The woman looked up at her, then down on the paper, before answering.

“This? Oh, yes, I suppose so. It’s a … examensarbete at the university.”

“A ‘thesis’ then.” Carensa nodded, deciding the woman must be in a graduate program somewhere. Did they even have universities this far north? But the train was headed south. “Impressive. Yours?”

Finally a quick smile from the woman.

“Yes, I am studying psychology. This is my research project.”

“What’s the topic?”

“It’s a comparative study of the occurrence of social and sexual maladjustment in latch-key children.”

“Yeah, wow, okay, great for you. I’m sure that’s very fascinating.”

The woman seemed surprised.

“Actually it is to me.”

Another pause, fittingly marked by the change in motion and sound as the train speeded through some little train station.

Carensa was about to return to reading about Frodo and Sam traversing the wasteland on their way to Mount Doom, when the woman spoke.

“So you are one of the many young Americans who feel the need to express themselves by coming to Europe for a period of time. Something about the open road and a backpack. I suppose a search for the simplicity of nomadic lifestyle.”

Carensa pondered. She felt that there was something condescending in all that. But heck, she’d had Human Behavior 101.

“I don’t know about everyone else and I do think people travel for different reasons. Me, I just wanted my Sturm und Drang period.”

The effect was there.

“Ah, a touch of youthful rebellion, coupled with at least a fleeting familiarity with German philosophers. A little bit of Goethe naturally. Maybe even a bit of Hegel and Kant.”

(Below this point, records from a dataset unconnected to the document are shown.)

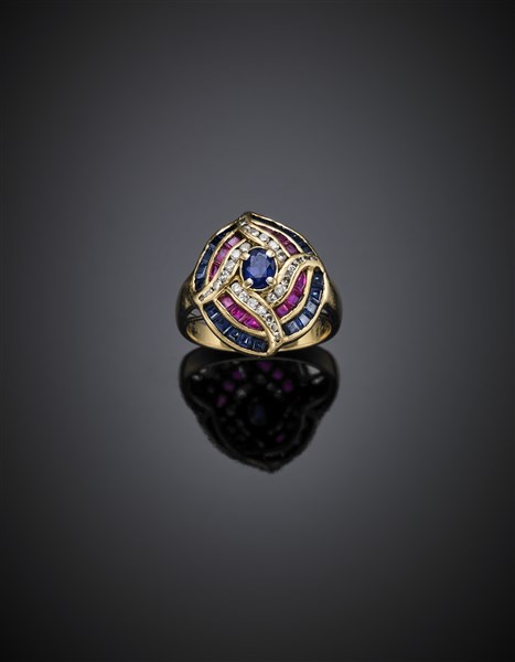 Anello in oro giallo con rubini, zaffiri e diamanti, g 7 circa misura 14/54.
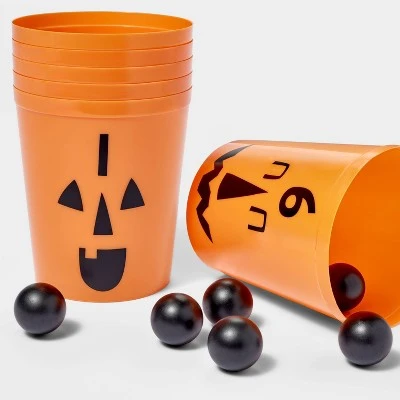 This Bucket Ball Toss Game Halloween Party Kit from Hyde & EEK! Boutique™ offers your kids a fun way to join in the spooky season festivities. Made of plastic, the festive game kit includes six orange buckets, six black balls, and an instruction sheet. Each orange bucket is adorned with a distinctive and funny jack-o’-lantern face and is stamped with numbers for keeping score.
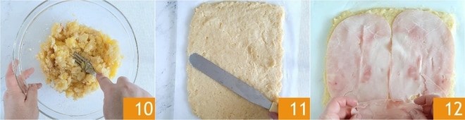 Mélangez soigneusement tous les ingrédients 10. Laissez reposer la pâte obtenue pendant 2 heures au réfrigérateur. Reprenez la pâte du réfrigérateur et étalez-la sur une feuille de papier sulfurisé, pour obtenir un rectangle d'une épaisseur d'un demi-cm, en nivelant avec une spatule 11. Garnissez la surface avec les tranches de jambon cuit 12.
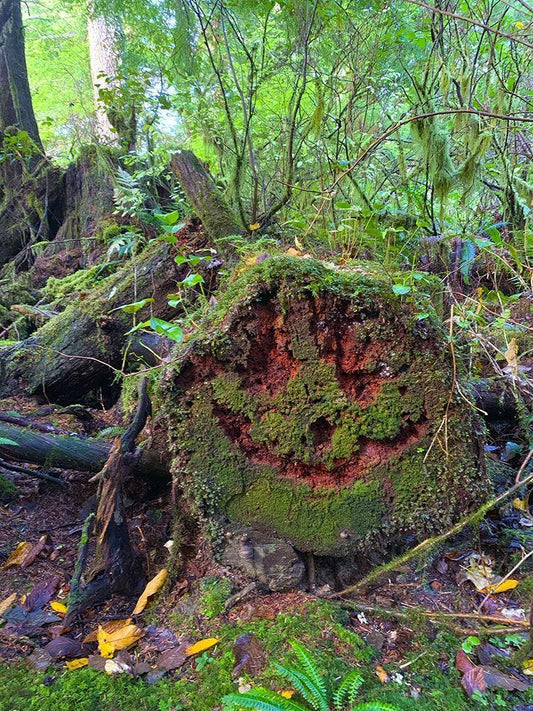 Forest Happy Face I White Modern Wood Framed Art Print with Double Matting by Grayscale

“A little. I tend to prefer my feet more on the ground.”

“That’s a common response.” The woman put away her research paper. “Or maybe you respond that way because you are intimidated about what you might find out about yourself if you looked inside.” She leaned forward slightly. “Does Freud bother you?”

When Carensa didn’t answer immediately, the woman continued.

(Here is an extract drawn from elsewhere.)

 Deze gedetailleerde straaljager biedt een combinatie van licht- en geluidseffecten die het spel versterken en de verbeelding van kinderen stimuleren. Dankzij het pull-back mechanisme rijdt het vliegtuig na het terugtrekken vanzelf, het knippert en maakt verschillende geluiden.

“I find that most young people who do the backpacking thing around Europe, do so to escape more so than to ‘find themselves.’ That is such a nebulous term anyway. What does that really mean?”

Carensa was about to say something in response when the woman continued.

“The real question is what you are trying to repress, what you are trying to get away from. My observation is that it is mostly the inherent stress in a patriarchal, non-equal society, focused on rabid consumption, such as yours.”

“Wow, that is really … really something.” Carensa leaned back in her seat. Was the woman in front of her for real?

“So you are saying,” she finally said, “that I am messed up because the US is an evil, capitalist empire, and I am just trying to run away from it all?”

“It’s psychologically bankrupt, yes.” The woman nodded her head indicating an affirmative. “Some of your young people drift to the Orient to seek mysticism, looking for answers that your society won’t/can’t give them. Of course, they will only find more confusion in the fairy-tales encountered there.”

“Right.” Carensa was beginning to wish she’d paid more attention in that Human Behavior 101 class, although she suspected that this woman was on a level far beyond that and not just because she was a graduate psychology student.

“So dear, is the experience here in Scandinavia liberating you?”

Carensa decided to keep the answer in the land of tangible experience.

“It’s been great. I’ve met some wonderful people and gotten to visit places I’d only seen pictures of before.”

“That’s nice. I am sure you will feel quite refreshed when you return home.”